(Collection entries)
* * * * * * * * *

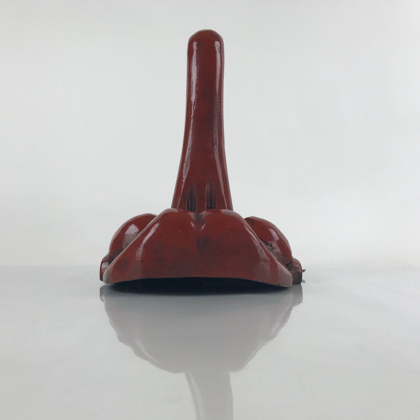 This is a Japanese lacquered wooden noh mask. This character is the face of a tengu, a mythical forest creature found in the Shinto belief. Known for their long noses and red faces, tengu are often depicted with wings and are said to have incredible skills with a sword. Neither really good-natured nor bad, these creatures are still considered dangerous. This large piece can be used for room decoration or shows and dances.
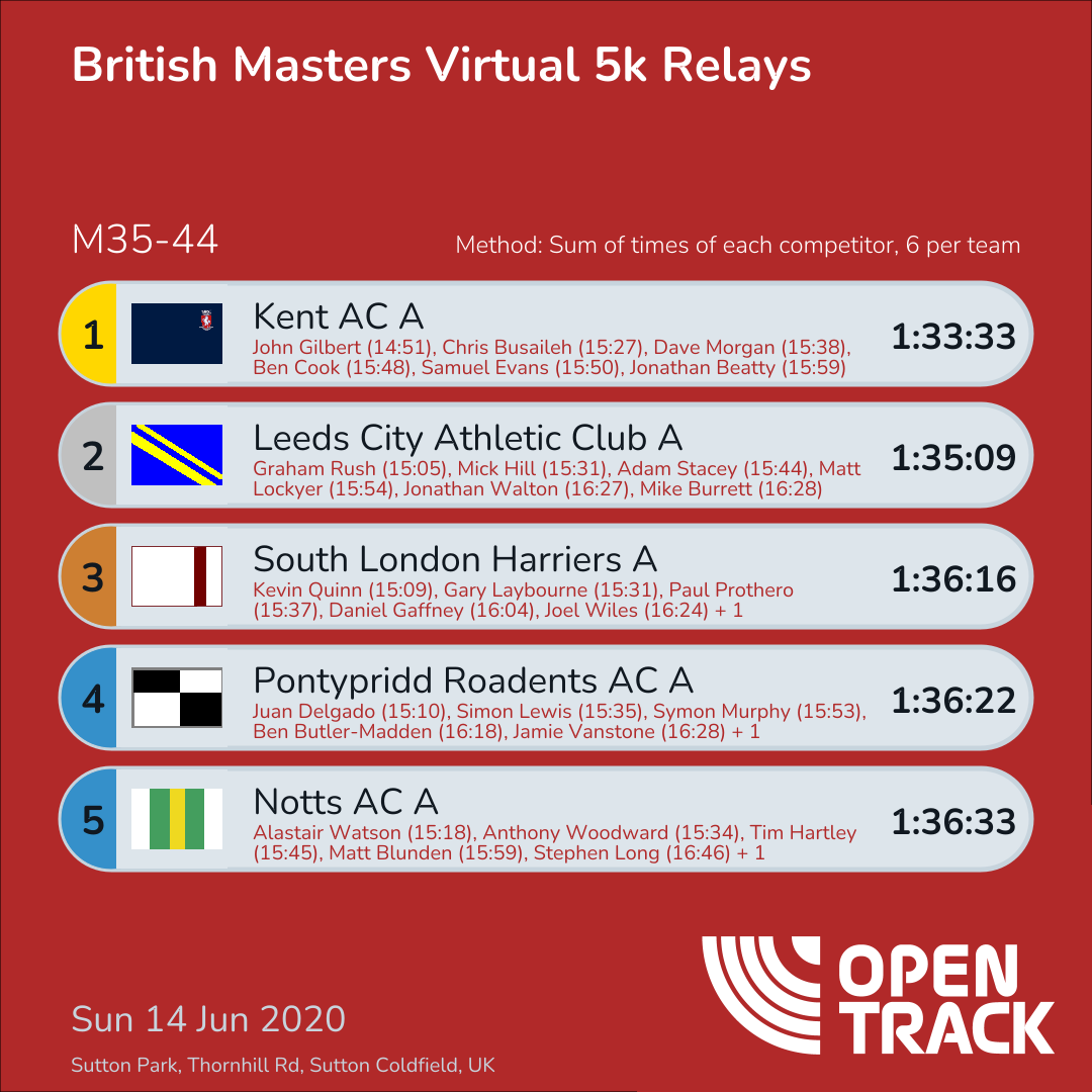 1:35:09 9Graham Rush (15:05)22Mick Hill (15:31)41Adam Stacey (15:44)60Matt Lockyer (15:54)131Jonathan Walton (16:27)134Mike Burrett (16:28)
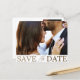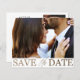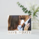 Dieses elegante Ankündigung Datum freihalten ist der ideale Ausgangspunkt für Ihre Hochzeitspläne. Mit einer Fotovorlage und einer fett "Save the Date" formatierten Typografie in luxuriösen Imitaten aus metallischem Gold auf einem sauberen, weißen Hintergrund strahlt es Eleganz und Stil aus. Personalisieren Sie es mit Ihren eigenen Daten, um eine unvergessliche Ankündigung für Ihren besonderen Tag zu erstellen.
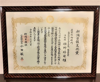 技術科学イノベーション専攻 姫野修司准教授が、新潟日報文化賞<産業技術部門>を受賞しました。本賞は、新潟県の文化、産業の発展に寄与する顕著な業績をあげた個人や団体に贈られます。授賞式は11月1日に新潟日報メディアシップにて行われました。
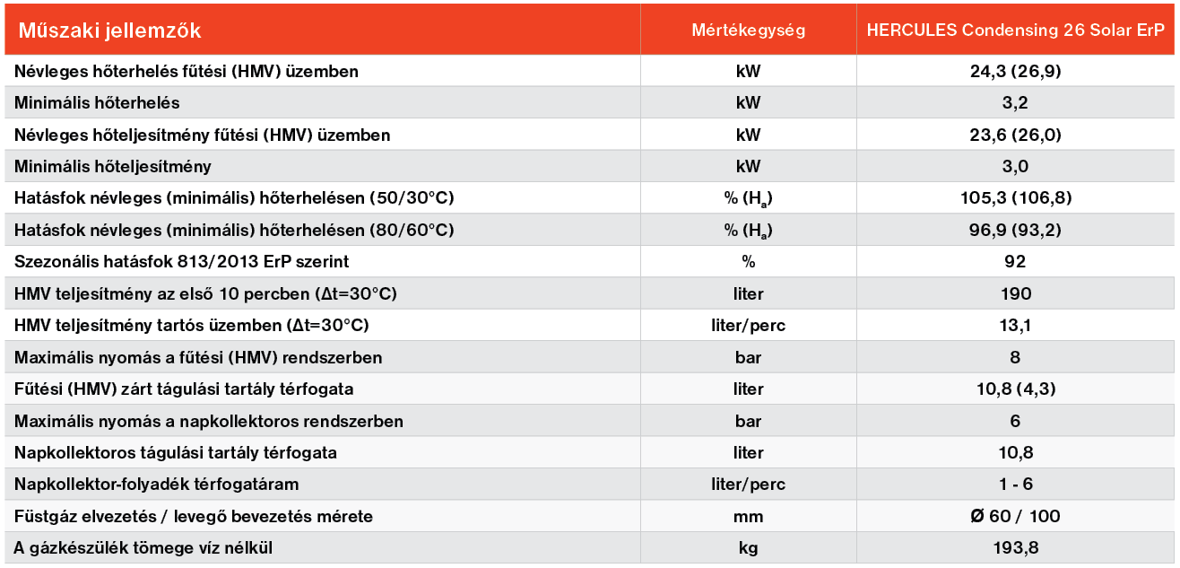 A HERCULES Solar egy 20 kW-os zárt égésterű, álló gázkészülék, beépített 200 literes rozsdamentes acélból készült használati meleg-víz tárolóval, amely két fűtő csőkígyóval van ellátva, melyből az egyik közvetlenül csatlakozik a gázkészülékben előkészített napkollektoros rendszerhez.
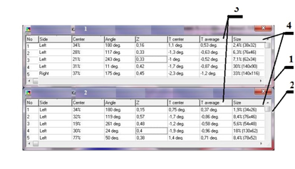 This is clearly seen in the case of two consecutively recorded mammograms in the lower menu, which indicate the average temperature in the RT, indicating which of the mammary glands contains any PT (if any are), what its shape and gradient are in it. All data are surveyed in a table located in the mammogram (Figure 4) (Figure 5) as upper menu, where given all the data obtained during the survey, and, in particular, the dimensions of the region of the projection of the gradient on the surface of the skin. These data are numerically estimated on mammograms.
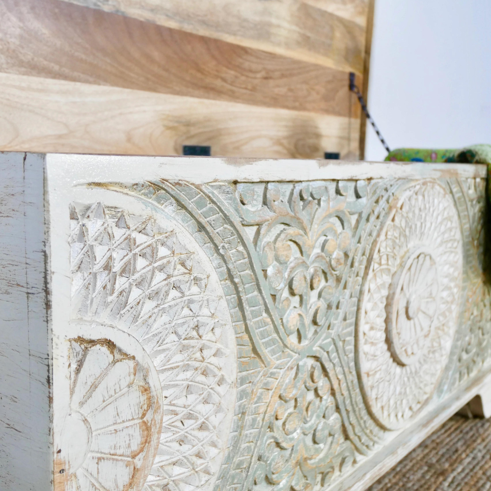 Home Shop Hand Carving Trunk Box Hand Carved Rustic White Trunk Box
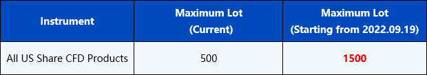 Please be advised that Please be advised that there will be optimisation on all our US Share CFD products starting from 19th September 2022 to further enhance the competitiveness and improve the trading environment.
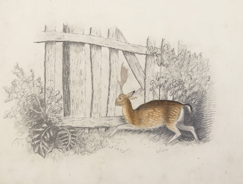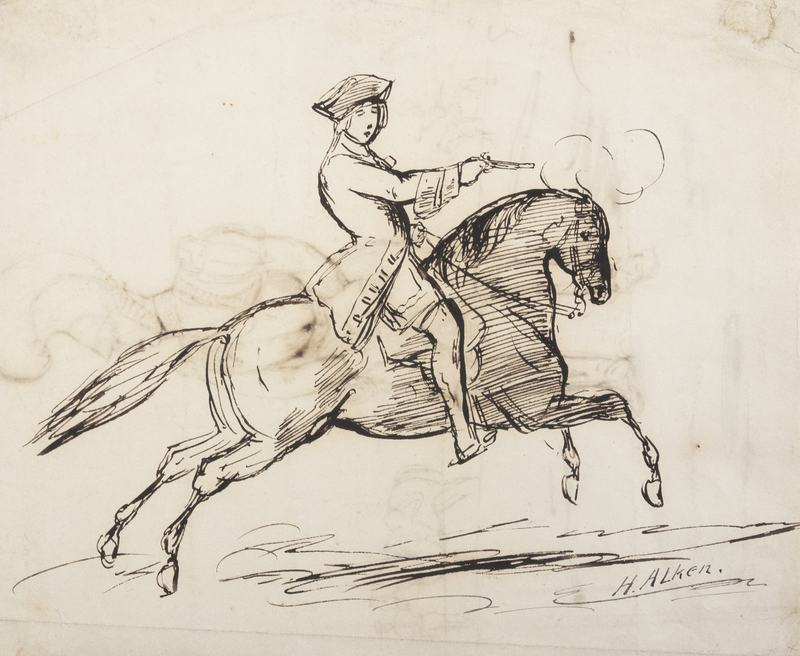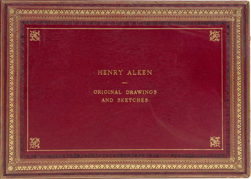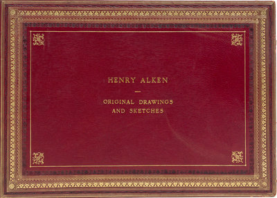 [Original Drawings and Sketches.] S.l.: s.n., n.d. A collection of seven original sketches, three color, four signed, each mounted in a mat. Oblong 4to, gilt-lettered and decorated red morocco, a.e.g. Minor wear to boards; light foxing to some plates.

* * * * * * * * *

Task description:
Each line from the one containing "技術科学イノベーション専攻 姫野修司准教" through the final line of the data must be reproduced exactly, both ends included, with no pictures in the copy.

Your solution:
 技術科学イノベーション専攻 姫野修司准教授が、新潟日報文化賞<産業技術部門>を受賞しました。本賞は、新潟県の文化、産業の発展に寄与する顕著な業績をあげた個人や団体に贈られます。授賞式は11月1日に新潟日報メディアシップにて行われました。
 A HERCULES Solar egy 20 kW-os zárt égésterű, álló gázkészülék, beépített 200 literes rozsdamentes acélból készült használati meleg-víz tárolóval, amely két fűtő csőkígyóval van ellátva, melyből az egyik közvetlenül csatlakozik a gázkészülékben előkészített napkollektoros rendszerhez.
 This is clearly seen in the case of two consecutively recorded mammograms in the lower menu, which indicate the average temperature in the RT, indicating which of the mammary glands contains any PT (if any are), what its shape and gradient are in it. All data are surveyed in a table located in the mammogram (Figure 4) (Figure 5) as upper menu, where given all the data obtained during the survey, and, in particular, the dimensions of the region of the projection of the gradient on the surface of the skin. These data are numerically estimated on mammograms.
 Home Shop Hand Carving Trunk Box Hand Carved Rustic White Trunk Box
 Please be advised that Please be advised that there will be optimisation on all our US Share CFD products starting from 19th September 2022 to further enhance the competitiveness and improve the trading environment.
 [Original Drawings and Sketches.] S.l.: s.n., n.d. A collection of seven original sketches, three color, four signed, each mounted in a mat. Oblong 4to, gilt-lettered and decorated red morocco, a.e.g. Minor wear to boards; light foxing to some plates.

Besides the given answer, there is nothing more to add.